EXERCISE: Using the records below, write out again exactly the lines that begin at the line containing "펄어비스는 자사가 개발" and end at the line containing "The Perth Mint", and no other lines.

PROVIDED RECORDS:
[Start of Attachment]
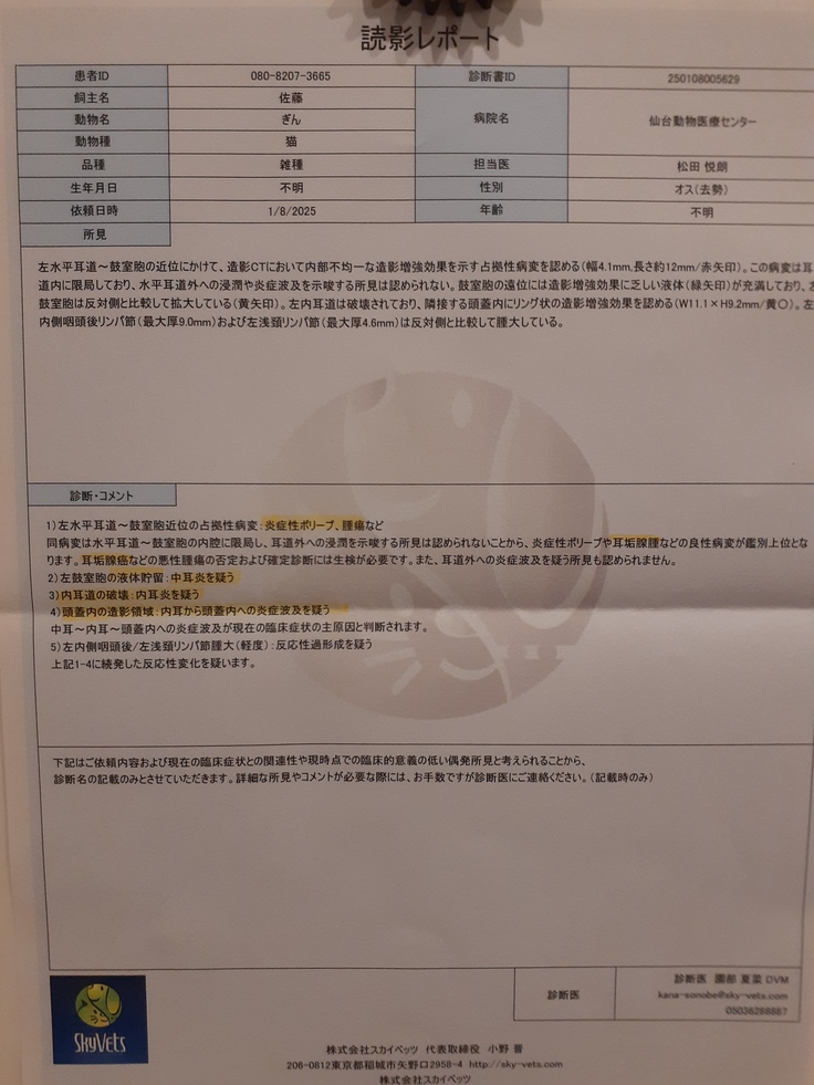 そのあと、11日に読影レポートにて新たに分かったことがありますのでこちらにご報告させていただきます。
[End of Attachment]
[Start of Attachment]
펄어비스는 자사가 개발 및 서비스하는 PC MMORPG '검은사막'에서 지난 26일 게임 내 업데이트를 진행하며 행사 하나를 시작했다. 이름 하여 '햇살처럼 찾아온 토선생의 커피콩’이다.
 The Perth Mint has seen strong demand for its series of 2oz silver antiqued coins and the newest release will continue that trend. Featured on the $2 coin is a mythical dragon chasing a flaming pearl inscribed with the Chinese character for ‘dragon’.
[End of Attachment]
ANSWER SECTION:
펄어비스는 자사가 개발 및 서비스하는 PC MMORPG '검은사막'에서 지난 26일 게임 내 업데이트를 진행하며 행사 하나를 시작했다. 이름 하여 '햇살처럼 찾아온 토선생의 커피콩’이다.
 The Perth Mint has seen strong demand for its series of 2oz silver antiqued coins and the newest release will continue that trend. Featured on the $2 coin is a mythical dragon chasing a flaming pearl inscribed with the Chinese character for ‘dragon’.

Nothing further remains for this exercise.